HIMSS Public Policy Considerations
The following are key HIMSS public policy considerations for considering SDOH and health equity needs through the use of cross-sector data and use of health information systems.
- Support the development of local or regional health and human services data platforms to share critical community information that can improve policy decision-making, public health research, and evidence-based interventions particularly for vulnerable populations.
- Integrate Healthy People 2030 health equity and health IT measures and coordinate with state and local governmental agencies to ensure community health improvement plans, state health IT plans/roadmaps reflect the use of modern health IT data and infrastructure needed to address SDOH and any emerging health threats.
- Convene a multi-disciplinary, state-led work group to develop recommendations on how information and technology can ensure a health information and technology in all policies approach, address social determinants of health and increase health equity.
- Support funding and modernization of your state’s public health data infrastructure to expand utilization of mapping software and other epidemiological tools to identify communities with highest needs and determine appropriate intervention and support secure data sharing between social and healthcare entities.
- Support innovation and use of secure mobile applications and SMS platforms to enable a healthier, safer lifestyle.
- Support state and regional HIEs to build connections to social care networks in order to create a statewide digital platform that enhances care coordination across the spectrum of care and informs public and private SDOH goals.
- Encourage community-based, cross-sector integration by leveraging telehealth and broadband programs as a mechanism to tackle social determinants of health.
Global Policies and Initiatives
Estonia has a national unique person identifier used across many sectors, which has helped immensely with interoperability, finding new insights in research, and clinical and social care. Regardless of the sector, information is connected by a singular interoperable data exchange platform called X-Road.
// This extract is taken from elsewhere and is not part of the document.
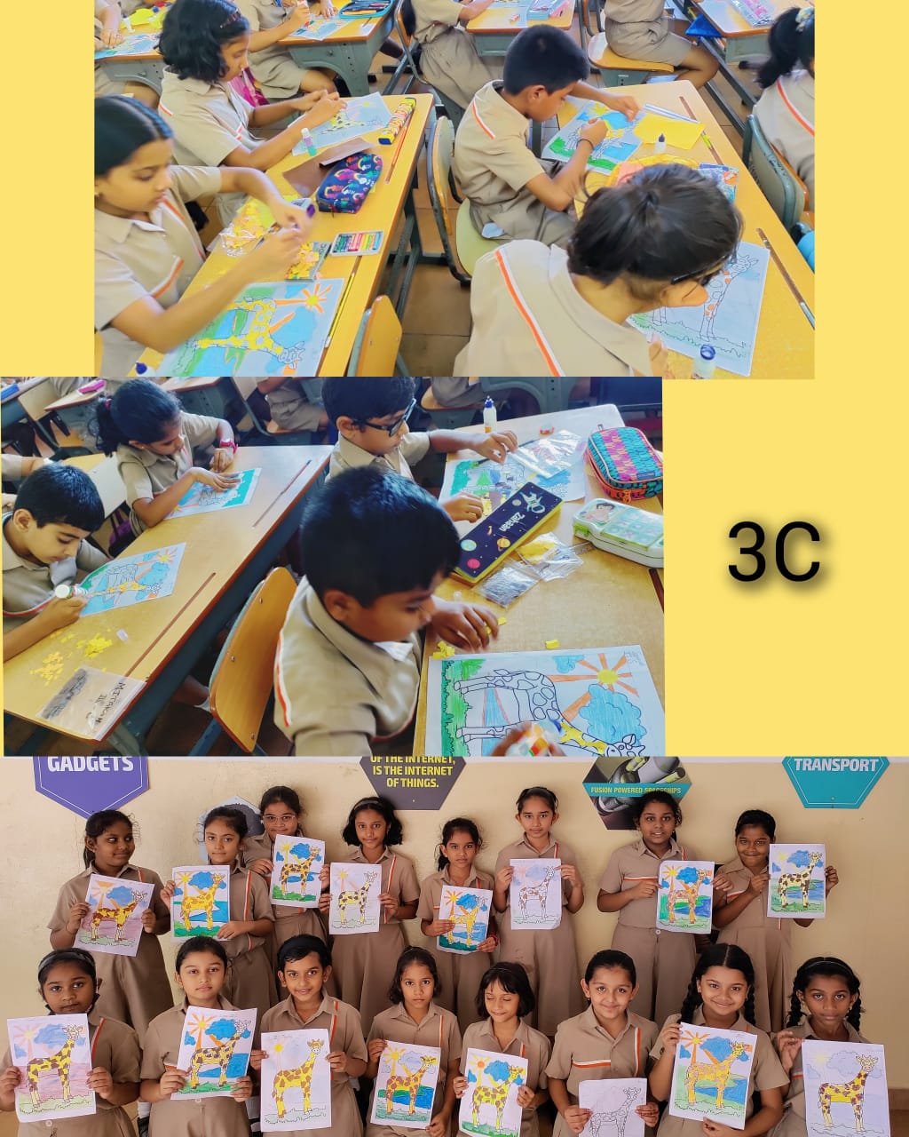 Young minds love working on collages as it unleashes their creativity. A collage making activity was organised for class 3.
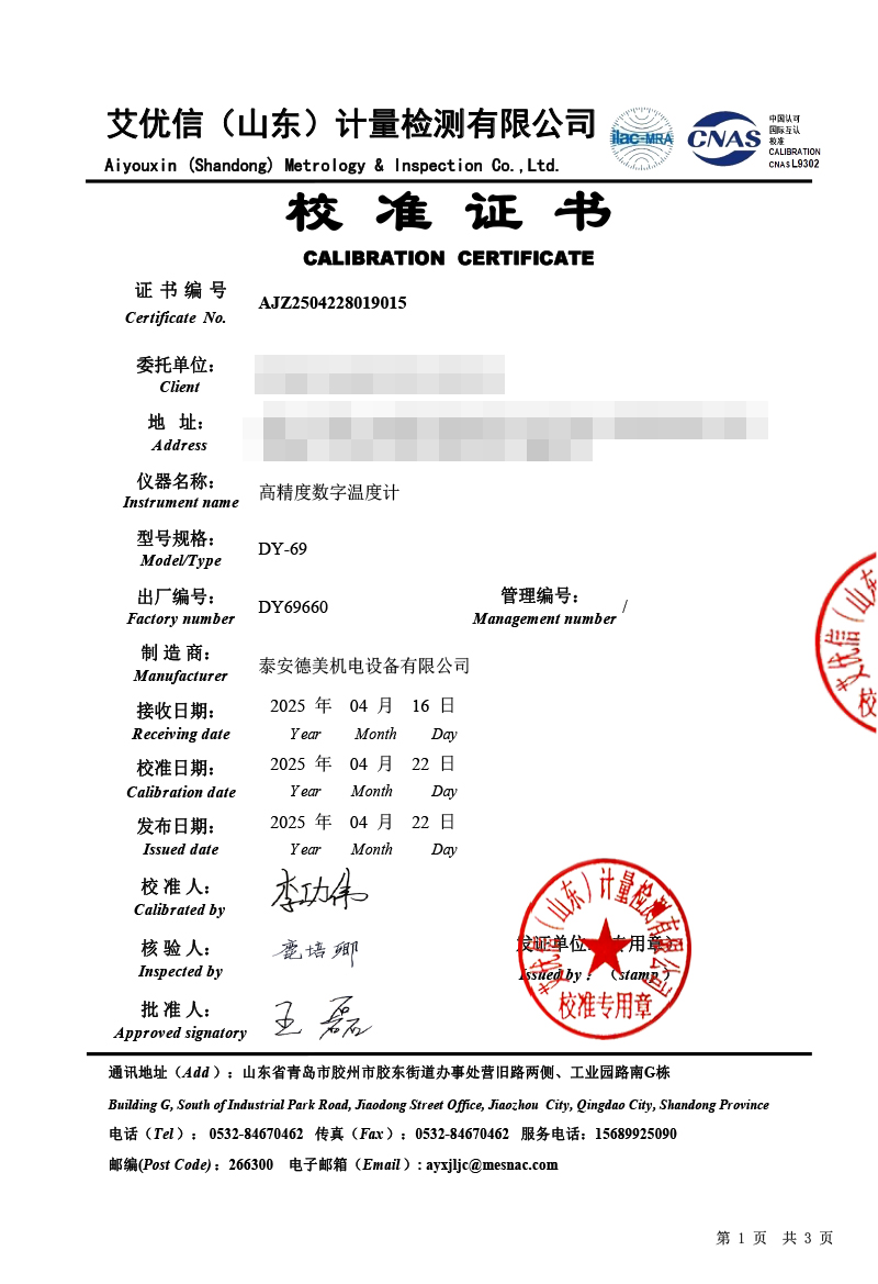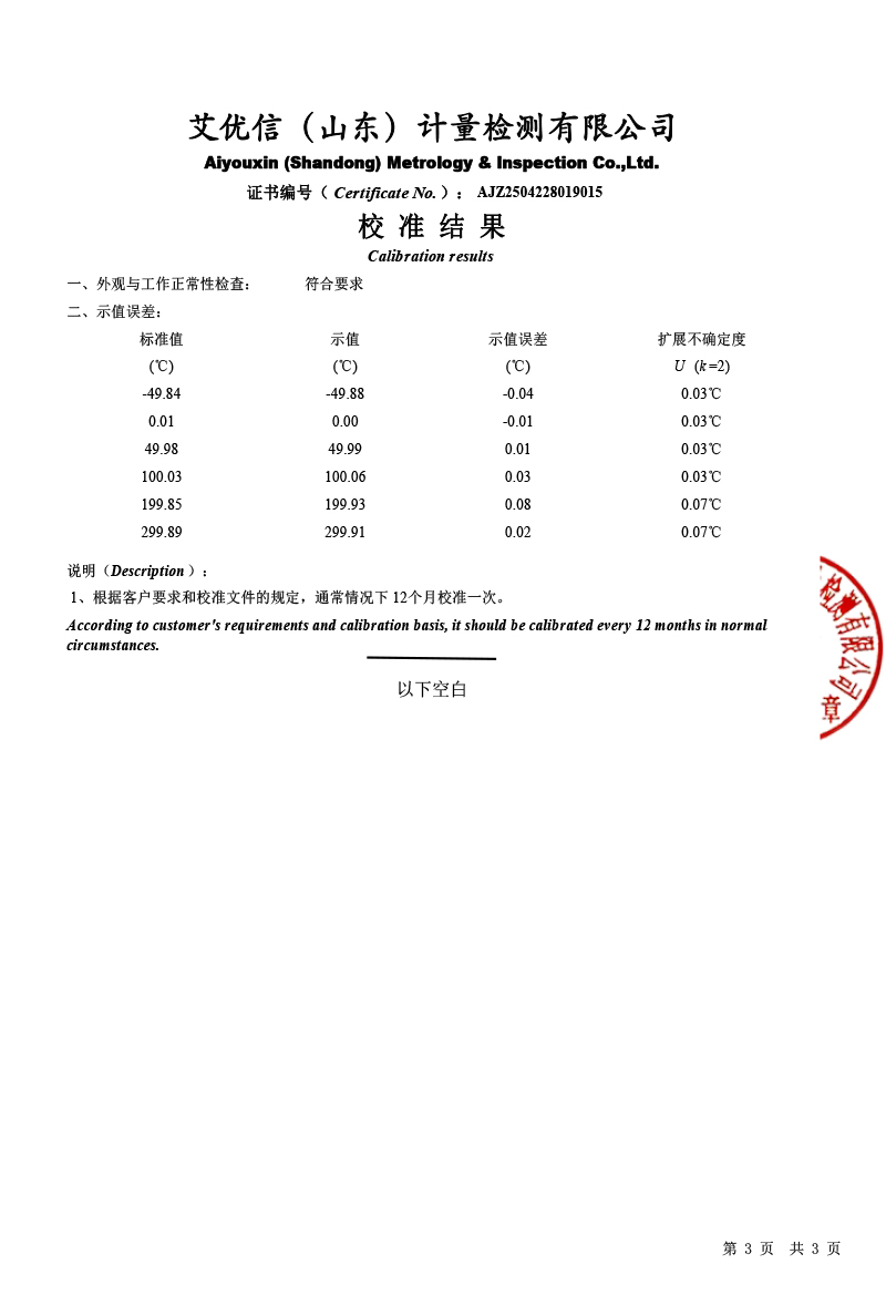 高精度數字溫度計(-50-450℃)校準證書 2025-4-24 本文被閱讀 2692 次

The platform saves over 800 years of working time annually for the Estonian population.
Estonia has established a Youth Guarantee Information System to identify at-risk youth. The system screens at the municipality level for risk factors and includes a data lookup in registries of education, vocation, training and child support. Through this information system, program leads identify and contact at-risk youth and connect them with case workers to ultimately connect them to work, education, or training opportunities. Due to its success, this program is currently in law and is an annual process.
New Zealand has stood up what may be a global model for addressing SDOH. The New Zealand Wellbeing Budget focuses on improving the quality of their citizen’s lives by addressing five priorities. One of those priorities is “supporting a thriving nation in the digital age through innovation, social and economic opportunities.” New Zealand’s efforts offer a growing model to watch given possible applicability across a number of municipalities.